In the story, I use one of the new kids, “Big Peter”, as a symbol for how immigrants are often viewed. It’s inconvenient and confusing to welcome strangers and all their apparent differences in culture, “values”, and habits. Canadian Mennonites today have not forgotten or chosen to denigrate their own families’ past travails but, I suspect, it’s more a matter of not being able to imagine these so-called alien newcomers in Manitoba. What a disappointing twist that settler Mennonites, who suffered as a people dispossessed in Europe only to have their descendants—many now once again members of the landed economic elite, this time in Canada—behave with moral ambiguity, and in some cases, religious intolerance.
Many modern Canadian Mennonites have constructed an insulative moral landscape built upon a maxim, “What would Jesus do?”, together with precepts like hard work, honesty (to the point of believing they invented it) and a daily life of church-family-devotion. This cocoon shelters them from the wayward outside world but may also dissuade critical self-examination.
“Us and them” is a powerful inclination. It opens us up to being overrun by fear and suspicion. Seneca said, “Sometimes even to live is an act of courage,” and we need to see this courage as a relatable virtue in our new neighbours—broaden our empathy and lower our fences.
I’ve tried to use humour, human nature, and the guileless character of children—along with the commonality of a simple game like baseball—to underscore an obvious message. We’re all just people. Obvious but, it seems, hard to live by. I hope this childlike outlook depowers the “us and them” tendency and, in some small way, expands the moral landscape.

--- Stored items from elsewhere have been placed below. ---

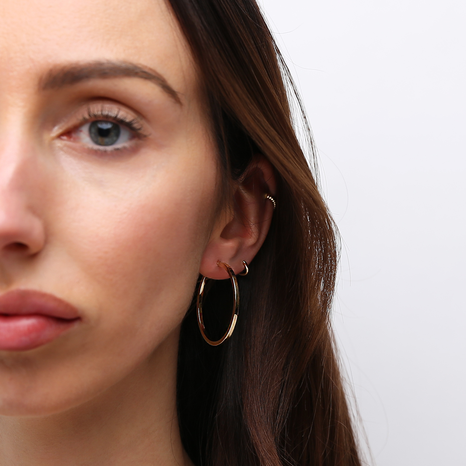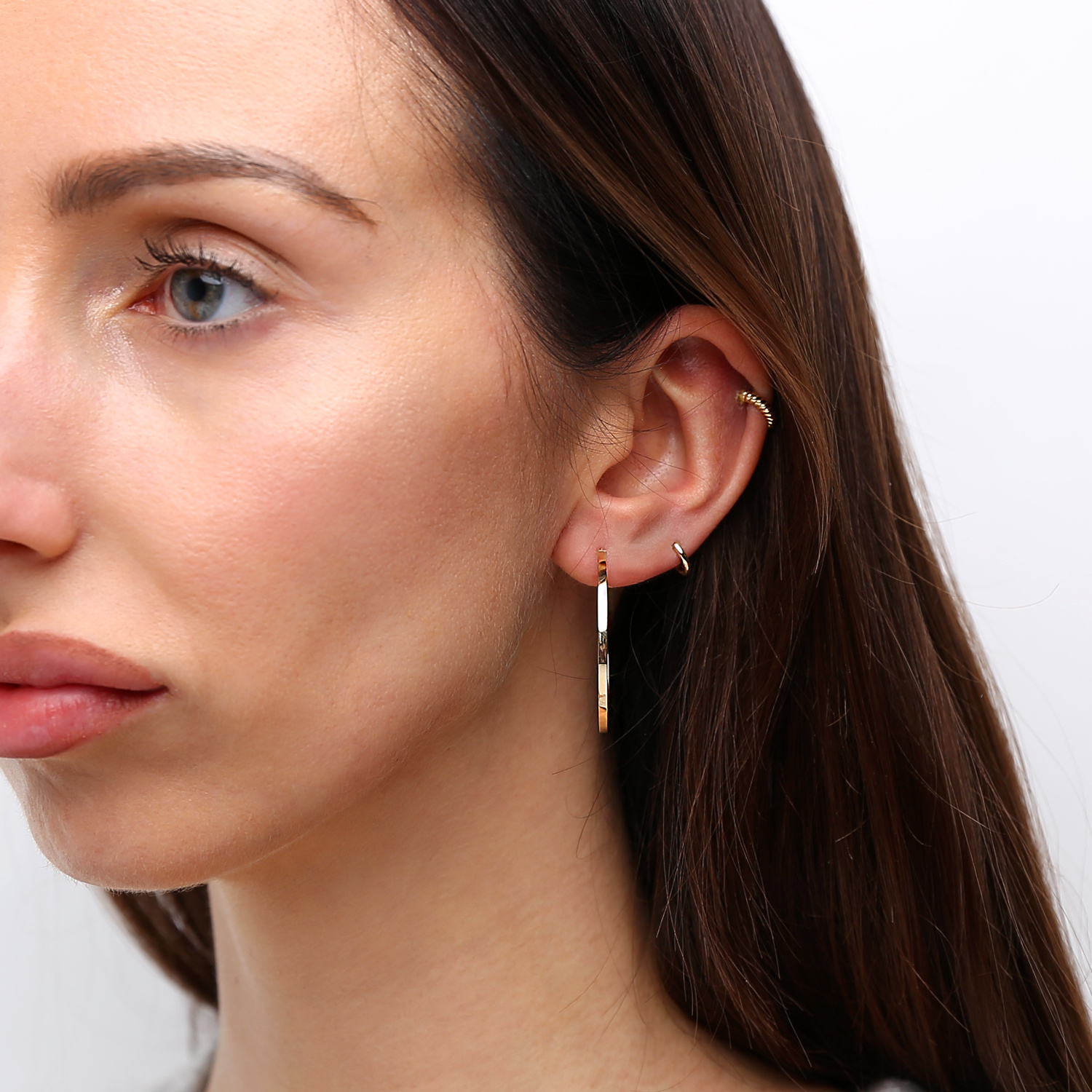 Kreisförmige Ohrringe in Gelb 585-Probe Gold - 14 Karat. Die Oberfläche der Ohrringe ist diamantgeschliffen mit abgerundeten Kanten. Sharnir-Verschluss. Sie sehen wunderschön an den Ohren aus.
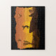 Desert Sunset Nature Kokopelli Jigsen Quebra-cabeça. Cavalos, corvos e lobos soltaram-se na quebra-cabeça da paisagem do deserto. Design com silhuetas de animais e cores vibrantes do pôr do sol. Você pode brincar com a cor de fundo para se adequar ao seu gosto.
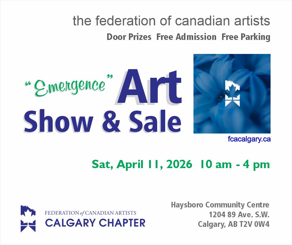 The Calgary Chapter of the Federation of Canadian Artists provide our members and wider community many activities and events throughout the year. We organize several shows and a long list of workshops annually. We invite you to participate with us in everything that we have to offer. You can contact us to ask any questions you have about what we are doing at the bottom of the page. Calgary Chapter Members are excited to present the following events:
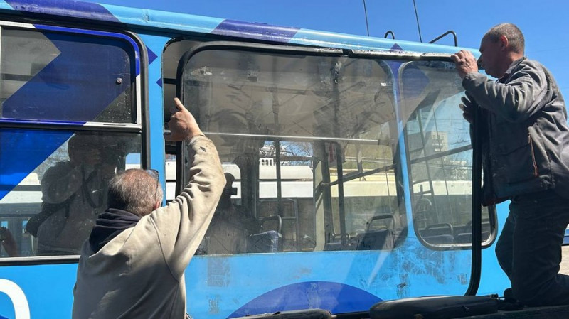 Внаслідок обстрілу пошкоджено пʼять тролейбусів. Нині їх відновлюють, роботи планують завершити до понеділка.

4Q: What are you working on now?
MT: Even though I’m not one of those people who thrives on chaos, it kinda looks like I am. I have a lot on the go. Short stories are heart and soul for me, so that keeps on being a part of every day. Writing, editing, submitting and shamelessly promoting. (Allowing for the fact that Mennonites don’t do “shameless”. We always feel guilty about something!)
I completed a debut novel over a year ago and have been editing since then. I am fortunate to have a skilled and engaging editor to work with. (He’s a Londoner and the possessor of a kick-ass literary pedigree.) The novel is moving down the road, only partly on the rumble strip. I hope to be able to query it this year.
Those are the itchiest spots right now, but I also have a short story trilogy that I believe—along with a few supportive others—would make a great adaptation for a screenplay. An SFF novella first draft is also done but lies dormant, needing some tough love before it gets to the finish line.
Those last two darlings get a bit of energy as does preparing grant applications. After all, the pickup needs gas, the fridge needs beer, my editor needs paying, as do airfares if I want to visit the grandkids on the coast. I was recently recognized as a New/Early Career Artist by the Canada Council for the Arts and I hope to get some assistance to cover expenses and help me to build my craft and meet other writerly folk in the wild.
4Q: Please share a childhood memory or anecdote.
MT: My wife said this was too boring, but I’ll take my usual course and avoid her good advice. As a youngster, having consumed the entire Hardy Boys detective series and all the comics I could buy, I hungered for more. Our school and town libraries had lots of books, but I had chewed through most of the children’s collections and much of it was of a more Christian bent than I was looking for. You know… the wide world beckoning and all.
Anyway, I discovered the University of Manitoba Extension Library. Pre-internet, by a lot. You obtained a copy of their print catalogue and a mailing address. Books were ordered and received by mail.
I remember one day when I was home from school with the mumps and Dad walked in with a brown kraft paper bundle, tied with white cotton string. A cluster of stamps and “Mitchell Toews, Box 220, Steinbach, Manitoba” was written in prim librarian longhand, with the tell-tale swirls and blots of a fountain pen. The parcel was heavy with adventure: Treasure Island, A Rookie at Leaf’s Camp, The Red Schoendienst Story, The Best Thing Since Sliced Bread awaited me within the lignum scented confines. All for free and each month a fresh list of “New Titles — Just Received!”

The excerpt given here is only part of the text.